Bus accidents require a detailed knowledge of Federal Motor Carrier Safety Act Regulations, common carrier law, and industry standards. Bus drivers and motor carriers are subject to safety rules that are meant to prevent accidents for the protection of the public. Some bus accidents that appear to be unavoidable are still preventable. A preventable bus accident is one that the bus company or driver could have prevented by taking or not taking a particular action. For example, a bus company under the FMSCA should not permit or order a bus driver to drive through an ice storm at highway speeds. If the bus company violates this rule and strikes a car that loses control on the icy roads the bus company may still be liable for the injuries caused in that crash. These safety rules are found in the Federal Carrier Safety Administration’s sponsored manual on Bus Safety Management Techniques.
If you were injured while a passenger in a bus you may have a claim even if your injury was due to the actions of a passenger. Common carrier law places a high duty of care on bus drivers to protect passengers from foreseeable attacks or injuries caused by other passengers. The bus driver must have notice of the potential danger and a reasonable opportunity and means to protect the passenger.
Bus accident cases involving buses that cross state lines are subject to many of the federal regulations discussed in the pages about truck accidents. In cases where a passenger on a bus or limo is hurt in an accident or by another passenger the applicable duties under Maryland law are very different from those applied to personal passenger cars. There is also a regional pact that governs bus travel in the Washington D.C. metropolitan area. This pact provides another layer of regulations.

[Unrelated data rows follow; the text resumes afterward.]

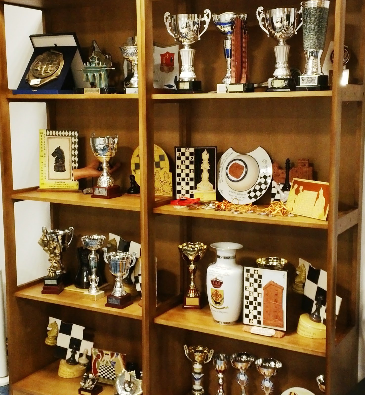 | La nueva exposición de los premios y trofeos colectivos de NUESTRO AJEDREZ EN EUROPA en el aula de la escuela de Villafranca |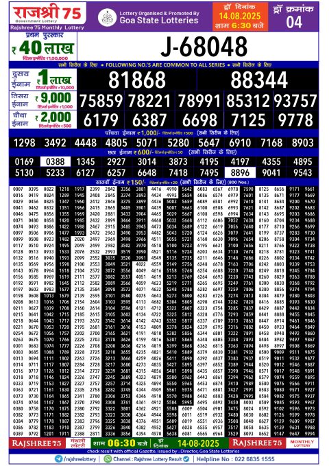 Rajshree 75 monthly lottery result 14.08.25 Today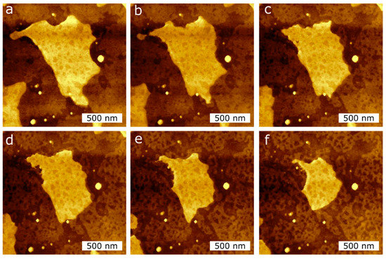 Figure 5 AFM topography images lead us to believe that the AFM tip is interacting with the SLB in air, affecting its morphology and roughness, during the heating cycle. Restructuring of an SLB on mica due to tip interactions has been reported on DODAB, DOPC and DPPC on mica in liquid [38,39]. It is important to emphasize that in the AFM images seen in Figure 5a–d and in Figure 5f, that the first layer, corresponding to a height of 0 nm, contains a complete phospholipid bilayer, which was confirmed by the observation of a single rupture event in the force curves. Meanwhile in Figure 5e there is no DPPC bilayer in the first height layer, since it was removed and piled up due to the interaction between the AFM tip and the sample during the temperature cycle. This was confirmed by force curves which do not show a rupture event.

Bus drivers are required to adhere to a different pre-trip than tractor-trailer drivers. The additional requirements mainly focus on the safety of the interior for passengers.
BUS DRIVERS ARE GUARDIANS OF THEIR PASSENGERS’ SAFETY
Maryland Common-Carrier Law
Bus companies and their drivers are held to a higher duty as common carriers under Maryland law than the owners and drivers of most passenger cars. A common carrier owes its passengers the highest degree of care to provide safe transportation. The common carrier has a duty to use the utmost degree of care, skill, and diligence as to matters concerning their passengers’ safety. This duty begins when the passenger enters the bus and/or property owned, controlled, or maintained by the common carrier and ends when a passenger reaches a place of safety after exiting the bus. The Maryland Courts found that a bus driver has a duty to take reasonable actions to prevent a foreseeable attack by one passenger against another.

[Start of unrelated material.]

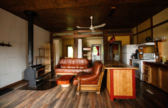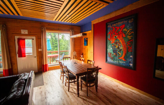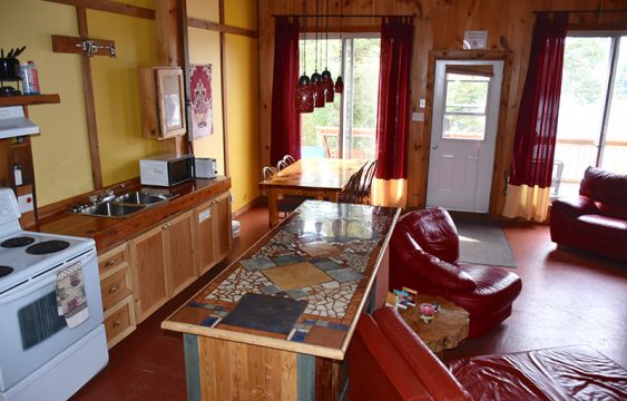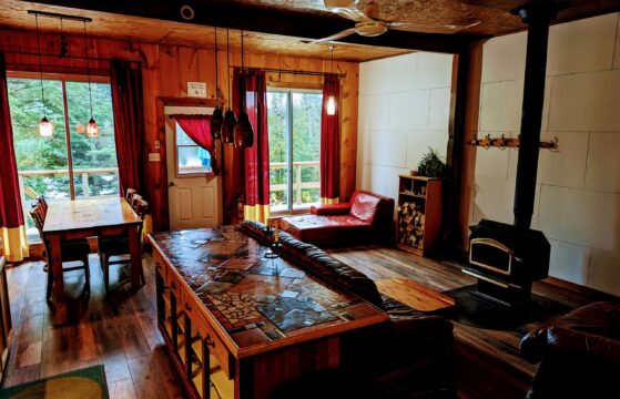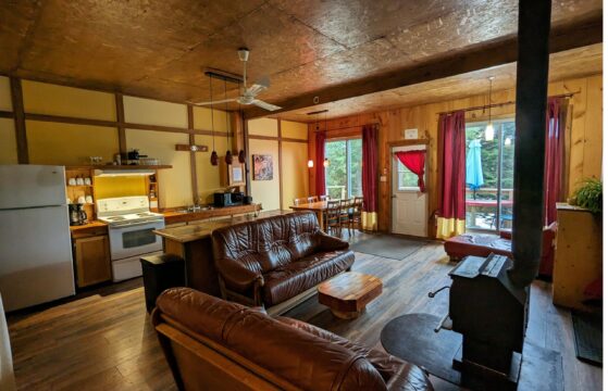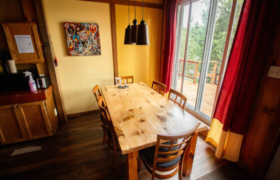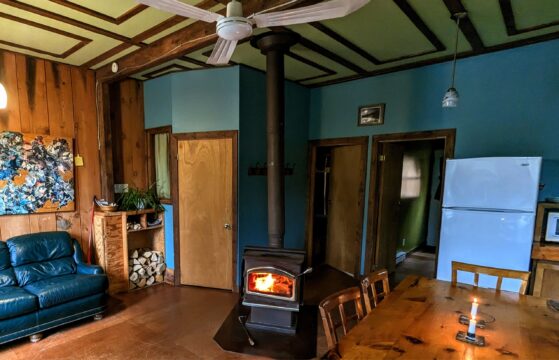 Ce loft, à aire ouverte, est aménagé avec un « coin cuisine » tout équipé et muni d’un îlot central, un « coin salle à manger » avec une table et six chaises, un « coin dodo » délimité par des rideaux ainsi qu’une salle de bain avec douche et toilette. On y retrouve un lit double avec un lit simple au dessus ainsi qu’un matelas simple dans un tiroir sous le lit double. Vous devez apporter votre literie (sac de couchage ou draps et couvertures, ainsi que vos serviettes). L’habitation est munie d’un chauffage électrique d’appoint et est chauffée avec un poêle à bois situé au centre du loft. Autour de celui-ci, il y a sofa et deux petits fauteuils. Entre la mi-octobre et la mi-mai nous fournissons le bois pour chauffer le bâtiment. Ce loft est souvent utilisé par des artistes pour des séjours de création.

Most transit buses have cameras recording the exterior and the interior of the bus. This video should be promptly requested after a bus accident or a passenger assault.
Bus Accidents and Assaults
Bus drivers that are on notice of dangers to their passengers have a duty to safeguard passengers from those dangers. Party buses often supply or permit alcohol. Alcohol increases the dangers that customers are exposed to by other passengers. If passengers on a party bus are intoxicated and have threatened other passengers, then the bus driver should assess whether it is safe to drop off the passengers at a location without security.